Barking Dog: April 28, 2022

  • Karen James - Captain Wedderburn’s Courtship

    • A folksinger and daughter of Spanish musician Isabelita Alonso, who grew up in England, Spain, and France, and moved to Canada as a teenager

    • From her 1961 self-titled album

    • This is a Scottish ballad from at least the late 18th century, also known as “Lord Roslyn’s Daughter”

  • Hubby Jenkins - I Must Be Blind, I Cannot See

    • Born and raised in Brooklyn

    • Traditional American spiritual

  • Pharis & Jason Romero - Souvenir

    • From Horsefly, BC

    • Brand new one off their forthcoming album Tell 'Em You Were Gold, which will be out on Smithsonian Folkways on June 17

  • Willie Turner - Now Your Man Done Gone

    • Recorded near Livingston, Alabama

    • Song was well known in Alabama and Mississippi when this version was recorded in 1951

    • Also known as “Another Man Done Gone”

    • We’ll hear a later version of it after this

  • James “Son” Thomas - Baby Please Don’t Go

    • He was a Delta blues musician from Mississippi, and he was also a gravedigger and sculptor

    • Thomas became better known after William Ferris included him in the films he made for the Center for Southern Folklore in the 1970s

    • He’s also known for making sculptures from the clay he dug up on the banks of the Yazoo River, many of which were skulls that contained real human teeth, reflecting his philosophy that "we all end up in the clay"

    • He died in 1993 but his son Pat continues to play his father’s music

    • “Baby Please Don’t Go” was made popular through Big Joe Williams’ 1935 recording, though it clearly originated from “Another Man Done Gone,”

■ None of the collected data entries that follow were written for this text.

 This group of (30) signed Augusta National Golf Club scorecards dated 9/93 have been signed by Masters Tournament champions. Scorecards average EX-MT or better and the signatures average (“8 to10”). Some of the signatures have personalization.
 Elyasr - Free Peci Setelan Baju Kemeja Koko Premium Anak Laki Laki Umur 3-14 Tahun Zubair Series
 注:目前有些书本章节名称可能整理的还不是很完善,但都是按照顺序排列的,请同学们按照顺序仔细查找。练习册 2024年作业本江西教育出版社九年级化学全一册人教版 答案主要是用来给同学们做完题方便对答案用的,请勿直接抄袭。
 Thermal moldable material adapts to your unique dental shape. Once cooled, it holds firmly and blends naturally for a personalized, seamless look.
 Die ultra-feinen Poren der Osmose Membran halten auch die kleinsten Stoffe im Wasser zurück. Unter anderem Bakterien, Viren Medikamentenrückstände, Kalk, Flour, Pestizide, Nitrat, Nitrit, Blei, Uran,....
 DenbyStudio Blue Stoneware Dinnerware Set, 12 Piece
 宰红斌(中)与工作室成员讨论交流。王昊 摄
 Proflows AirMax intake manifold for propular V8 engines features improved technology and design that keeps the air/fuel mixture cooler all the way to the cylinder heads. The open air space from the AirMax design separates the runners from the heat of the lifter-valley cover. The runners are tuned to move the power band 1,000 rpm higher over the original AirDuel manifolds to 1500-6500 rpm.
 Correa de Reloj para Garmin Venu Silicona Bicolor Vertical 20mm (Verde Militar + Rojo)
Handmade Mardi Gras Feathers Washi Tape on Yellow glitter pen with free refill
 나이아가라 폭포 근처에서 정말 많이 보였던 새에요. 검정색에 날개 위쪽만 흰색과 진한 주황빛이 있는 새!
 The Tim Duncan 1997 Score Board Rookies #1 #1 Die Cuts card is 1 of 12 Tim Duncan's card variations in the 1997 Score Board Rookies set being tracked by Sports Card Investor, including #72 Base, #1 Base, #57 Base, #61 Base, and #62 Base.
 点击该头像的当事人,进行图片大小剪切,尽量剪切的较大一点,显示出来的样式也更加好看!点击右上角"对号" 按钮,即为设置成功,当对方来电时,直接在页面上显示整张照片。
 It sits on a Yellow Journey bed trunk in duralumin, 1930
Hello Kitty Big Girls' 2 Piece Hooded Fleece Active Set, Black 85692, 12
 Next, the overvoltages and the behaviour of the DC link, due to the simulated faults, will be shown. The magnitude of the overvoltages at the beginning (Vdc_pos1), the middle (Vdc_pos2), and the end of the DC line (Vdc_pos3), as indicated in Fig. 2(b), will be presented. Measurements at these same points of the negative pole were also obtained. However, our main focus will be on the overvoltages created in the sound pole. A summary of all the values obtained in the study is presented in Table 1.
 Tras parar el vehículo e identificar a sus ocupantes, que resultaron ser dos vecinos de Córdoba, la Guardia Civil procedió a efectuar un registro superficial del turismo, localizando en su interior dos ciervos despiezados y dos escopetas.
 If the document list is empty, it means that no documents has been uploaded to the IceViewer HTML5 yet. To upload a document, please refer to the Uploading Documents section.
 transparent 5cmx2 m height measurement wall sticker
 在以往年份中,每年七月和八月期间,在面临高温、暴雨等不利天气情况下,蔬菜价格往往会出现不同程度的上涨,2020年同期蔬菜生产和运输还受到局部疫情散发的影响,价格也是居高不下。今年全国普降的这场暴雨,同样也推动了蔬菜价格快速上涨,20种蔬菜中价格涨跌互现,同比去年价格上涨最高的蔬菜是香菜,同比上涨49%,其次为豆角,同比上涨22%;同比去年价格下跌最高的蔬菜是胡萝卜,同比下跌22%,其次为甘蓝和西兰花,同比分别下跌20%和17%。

  • Union Jubilee Quartet - Please Don’t Drive Me Away

    • They were Bozie Sturdivant, John Skipper, and Booker T. Garner

    • Recorded at Silent Grove Baptist Church in Clarksdale, Mississippi, in July of 1942

  • David Francey - Rain

    • Scottish-born Canadian folksinger who started to pursue music as a career at the age of 45 after working as a carpenter and in railyards for 20 years

    • Off his 2013 album So Say We All

  • Patrick Sky - Many a Mile

    • Patrick Sky was a musician from Georgia who was a member of the Greenwich Village folk scene of the 60s

    • He later became an expert in building and playing Irish uilleann pipes, and played events with his wife Cathy Sky, an Irish fiddler

  • Allen Ginsberg - My Pretty Rose Tree

    • From his 1983 album First Blues, which was recorded between 1971 and 1981 and re-released in 2016 as The Last Word On First Blues

    • He’s joined on that one by Jon Sholle, Steven Taylor, David Amram, and Arthur Russell, who we’ll hear later on, and who Ginsberg briefly dated in 1973

  • Taj Mahal, Ry Cooder - What a Beautiful City

    • Both Grammy-award-winning musicians with careers spanning over 50 years

    • This one is from their brand new album, Get on Board: The Songs of Sonny Terry and Brownie McGhee

    • This song was written by Reverend Gary Davis, a blues and gospel musician from South Carolina who we’ll hear later on

  • Sonny Terry, Brownie McGhee, Coyal McMahan - The Midnight Special

    • Terry a blind musician who lost his vision at 16, which prevented him from doing farm work and caused him to rely on music as a living

    • McGhee a folk and blues singer known for his collaboration with Sonny Terry

    • Little information about McMahan, though we know he plays maracas on this recording

    • That one is from the 1952 album Get On Board

    • Traditional folk song that likely originated from prisoners in the American south

    • Refers to the passenger train the Midnight Special

  • Old Man Luedecke - Am I Strong Enough?

    • From Chester, NS

    • Off his 2010 album My Hands are on Fire and Other Love Songs

  • George Kazoka - Ulayinda Kubota

    • From a 2014 album of guitar songs from Tanzania, Zambia, and the Democratic Republic of the Congo

    • This one was recorded at the teacher training college in Eastern Zambia in 1979

    • The song praises the singer's fiance Maria, talking about her beauty and the beautiful clothes she wears

  • Ellen Froese - Life Oh Life

    • Artist who grew up on a dairy farm in Saskatchewan

    • From her 2017 self-titled album

  • Arthur Russell - Sharper Eyes

    • He was a cellist, singer, composer, and producer from Iowa who was part of the New York avant garde scene in the 1970s

    • He died from AIDS in 1992 at the age of 40 when his work was still somewhat obscure, but rereleases, books, and a documentary about him brought more attention to his work throughout the 2000s, and more of his recordings have been released over time

    • This is off the 2019 compilation album Iowa Dream

  • Charlie Sangster - Crawdad Song

    • Born into a musical family in Brownsville, Tennessee in 1917

    • Learned to play mandolin and guitar at the age of 12

    • Relatively well-known song which developed out of white American play-party traditions and Black American blues songs

    • Other versions of the song called “Sweet Thing” or “Sugar Babe”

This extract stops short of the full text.